Remember: if it doesn't have butter, it's not pav bhaji! This recipe makes a sizeable quantity. Making a big batch and freezing for later use is always useful incase you need a quick and tasty meal. Actual pav bhaji is supposed to be a vibrant red colour, this comes from using fresh kashmiri chillies. If you don't have them, its not an issue, just use an ordinary chilli like I did here. You just won't get the red colour thats all! Sometimes recipes also call for adding red food colouring if you don't have the fresh kashmiri chillis, but I'm not the biggest fan of doing this.
Ingredients
2 handfuls each of chopped potatoes, carrots, peas, beans and cauliflower.
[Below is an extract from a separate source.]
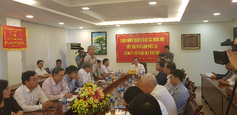 Chiều ngày 19/4/2018, Công ty Cổ phần Dệt May Huế đã đón tiếp đoàn Đại biểu Quốc hội đến thăm và làm việc tại Công ty. Dẫn đoàn Đại biểu Quốc hội đến thăm và làm việc là đồng chí Phùng Quốc Hiển – Uỷ viên Trung ương Đảng, Phó Chủ tịch Quốc hội, đồng chí Vũ Hồng Thanh – Ủy viên Trung ương Đảng, Trưởng ban Kinh tế Trung ương và các đồng chí các Ban có liên quan;

1 green pepper, roughly chopped
3 tomatoes, roughly copped
2 onions, diced
Thumb size piece ginger, crushed
2 cloves garlic, crushed
1 green or yellow chilli, diced
You'll need these spices
1 tsp kashmiri chilli powder
2-3 tsp pav bhaji masala (see link below for recipe)
1 tsp turmeric
To garnish:
Handful fresh coriander
Finely diced red onions
Method
- Cook the potatoes, carrots, peas and cauliflower in a large pan of salted boiling water until soft.
- In the meantime make the tomato and pepper gravy. Add the onions and fry on a medium heat for 10 minutes until golden. Add the ginger, garlic and chilli and fry for a further two minutes.
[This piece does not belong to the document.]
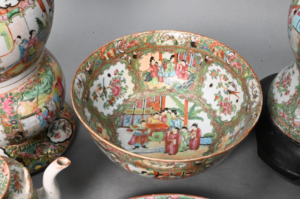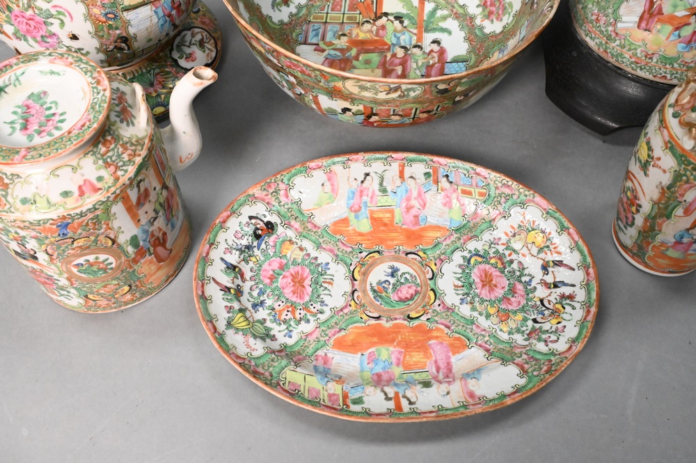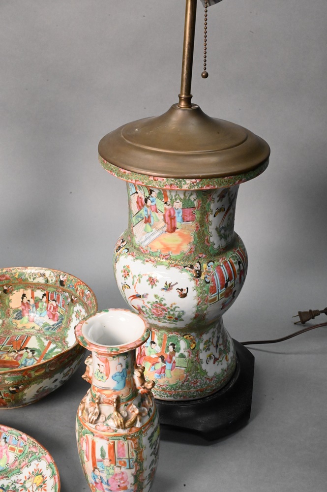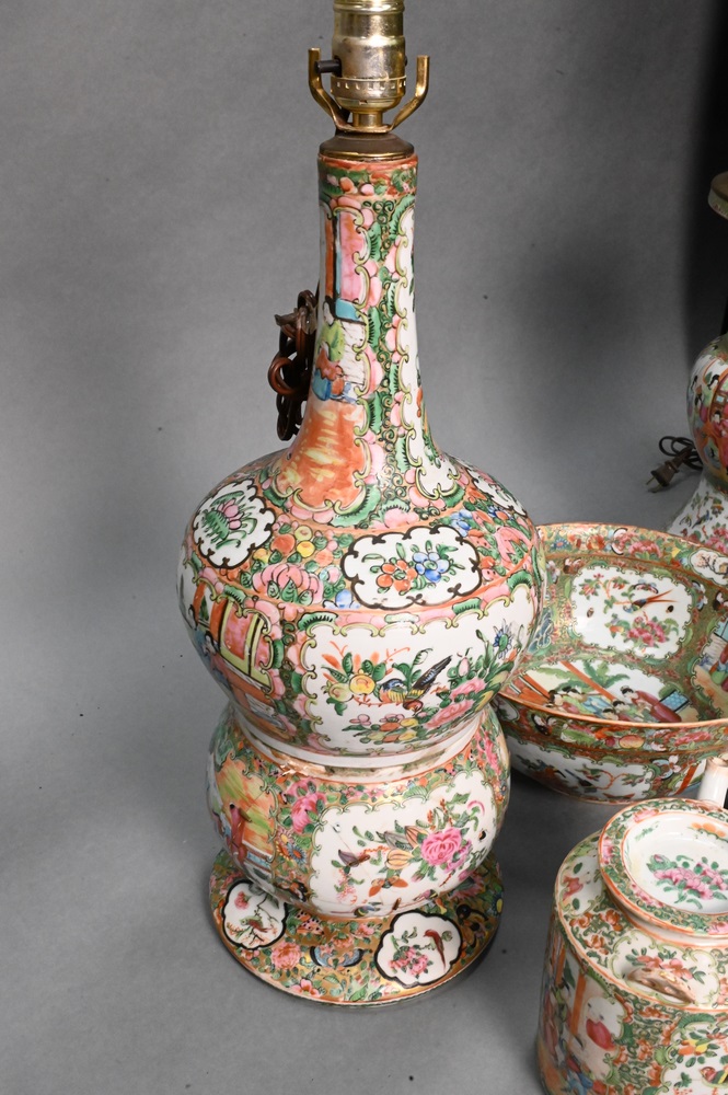 Six Piece Group of Chinese Rose Medallion Porcelain, to include a double gourd vase; beaker vase made into table lamps; small vase; oval tray; teapot; and bowl; (all as is), tallest vase 13 3/4 inches, total height 30 inches.

- Follow with the tomatoes and mash them with back of a wooden spoon.
- Add the kashmiri chilli powder, turmeric and pav bhaji masala. Stir well. If it becomes too dry, add a bit of water to stop the spices burning.
- Add the green pepper and cook until the soft. Turn of the heat and set aside.
- By this time the veggies should be soft and mashable. Drain them with a colander (it doesn’t matter if there is a little water left in the bottom of the pan).
- Add the tomato-pepper mixture to the cooked veggies and mash together until there are no lumps! Add water if it becomes too thick. The consistency should be similar to a thick smoothie. I will admit that I cheat here and use a stick blender to get a lovely smooth consistency. It does speed up the process!
- Get your bread rolls and cut them in half. Melt a little butter in a non-stick frying pan and fry the bread rolls for about 2-3 minutes on a medium heat. They should be buttery and a little crispy.
- Garnish with red onions, coriander and another knob of butter. Dip the fried pav in the bhaji and enjoy!